Now my understanding from something I read, was that female fiddler crabs burrowed down into the sand 23 inches or so, to lay their eggs. So I felt assured we would not be contending with “babies.” In fact, maybe that’s why Scarlett’s been climbing on top of the water filter. Maybe she’s been looking for someplace deep to lay her eggs.

However this same website on the fiddler crab life cycle indicates that female fiddler crabs RELEASE their fertilized eggs into the water and they float around as plankton. When they molt and get big enough, then there’s JUVENILE CRABS running around the tank.

My husband’s reaction was almost identical to 20 years ago when I invited him to have lunch with me at the hospital one weekend when I was working, so I could tell him the results of a certain pregnancy test I had just run: “Oh my God.” My husband said, “I’m not ready to be a grandfather yet, especially to a few hundred thousand fiddler crabs . . . ” But you and I both know, if there’s babies in the tank, he’ll be watching over them and concerned about them.

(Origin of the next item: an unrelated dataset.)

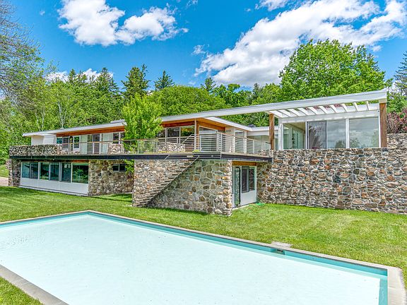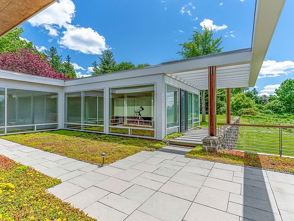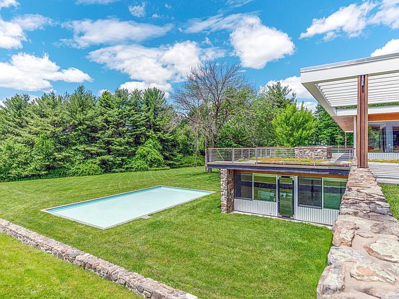 Designed by legendary Bauhaus architect Marcel Breuer, Gagarin I (1956-57) is Litchfield's most monumental Modernist residence, epitomizing the perfect marriage of art, design, and luxury. Here is a rare opportunity to own a historically significant home that clearly articulates the simple and streamlined ideals of one of the 20th century's most influential architects.Elegantly nestled into a hillside with the aid of bluestone terraces and original stone walls, the residence has been meticulously restored and upgraded with great care and sensitivity towards its origins -- integrating every 21st-century comfort. With elevated views of the countryside, the two-story home offers the most pronounced relationship between exterior and interior living spaces of all Breuer designs, with multiple terraces, enclosed courts, and even an interior greenhouse that is an integral part of the living room.Both inside and outside the house is a rich juxtaposition of natural materials. The angled entrance area, the hallway leading to the master bedroom wing, and a part of the living room are paved with brick; the rest of the flooring is reclaimed teakwood. Ceilings throughout are textured Portuguese cork that transitions seamlessly to the underside of the exterior roof overhangs.The main level is comprised of an immense (35'x52') glass-walled living room fronted by a long bluestone roof deck with areas for dancing and dining overlooking a reflection pool and expansive lawn. The main space features Breuer's signature bush-hammered concrete fireplace -- a tree-like sculptural focal point that branches off into sensual curves -- beyond which is an interior greenhouse and an uninterrupted expanse of windows affording south and westerly views of the hills. As with all Breuer-architected homes, the living and dining areas act as one expansive space, with the kitchen part of that space. With Gagarin 1, the kitchen space is as distinct as its design, situated in what is in effect a separate wing with en suite guest rooms, pantry, and storage room.The master bedroom suite is privately situated in a projection off the main volume of the house in a separate wing, complete with its own gas fireplace, dressing room, and a large private courtyard. Adjacent to the master bedroom is a glass-walled sitting/game room/study that opens to an elevated flagstone terrace with sunset views.Marcel Breuer's signature floating staircase with its parapet of abstract geometric cutouts, leads you downstairs, which becomes grade level at the rear as the house is built into a hillside. Along with a wet bar and laundry room, there's a large open space with bonus room -- formally known as the children's living room -- containing a wood-burning fireplace and direct access to the grounds and pool. What was once four children's bedrooms, is now a massive windowed workshop and artist's studio with garden access. There's also direct access to the attached three car garage.The exterior is a sensory treat of varying materials, sun control devices, terraces, and solid and glass planes. Both front and rear of the home are marked by sun-shading overhangs, bending light and casting shadows that change the facades throughout the day. The effect is about as close to decorative effect as Breuer ever got. A Ginko tree that was intentionally planted grows through a large cutout in the first-floor terrace. Fieldstone walls and teak-capped railings trace portions of the elevated terraces, while tall and dramatic fieldstone walls at ground level eventually recede into the ground. A stairway, with its riserless treads cantilevered from the fieldstone wall, leads to the reflection pool. These stairs and the sculptural railings reveal Breuer's early prowess as a furniture designer.An Exciting Piece of History That Has Been Well Documented. The home retains many of the original details and fixtures including the expansive glass sliders on Torx bearings, bathroom sinks, skylights, and built-ins. Over 900 documents consisting of letters, drawings, photographs, and other materials related to Gagarin I are available at the Marcel Breuer Digital Archive at Syracuse University.Gagarin I is located in a serene, very private and natural 1.7-acre setting with protected views in the beautiful Litchfield County Hills (CT.) within walking distance to the quintessential Litchfield Green and about an hour and three quarters from midtown Manhattan. The nearest airports are (private plane) less than one-half hour and (international) about an hour.

Now another site I found, About.com’s Keeping fiddler crabs as pets, (which by the way is a GREAT summary of how to raise fiddler crabs in general AND has instructions on setting up a brackish water tank) indicates it’s near to impossible to raise the babies in captivity. Apparently the babies need to go out into deep ocean water to grow then return to the brackish water estuary when they are older.

Well we shall see. Who knows? We may yet have BABIES in the tank!!!!! πŸ™‚ So, the $4 fiddler crabs, with the >$100 of support gear so I could establish a brackish water tank so they wouldn’t die, have apparently not only not died, but thrived! Now we may need ANOTHER TANK so the thousands of babies have a home. Anybody want to buy some fiddler crabs? I’ll keep you posted on the progress of the pregnancy.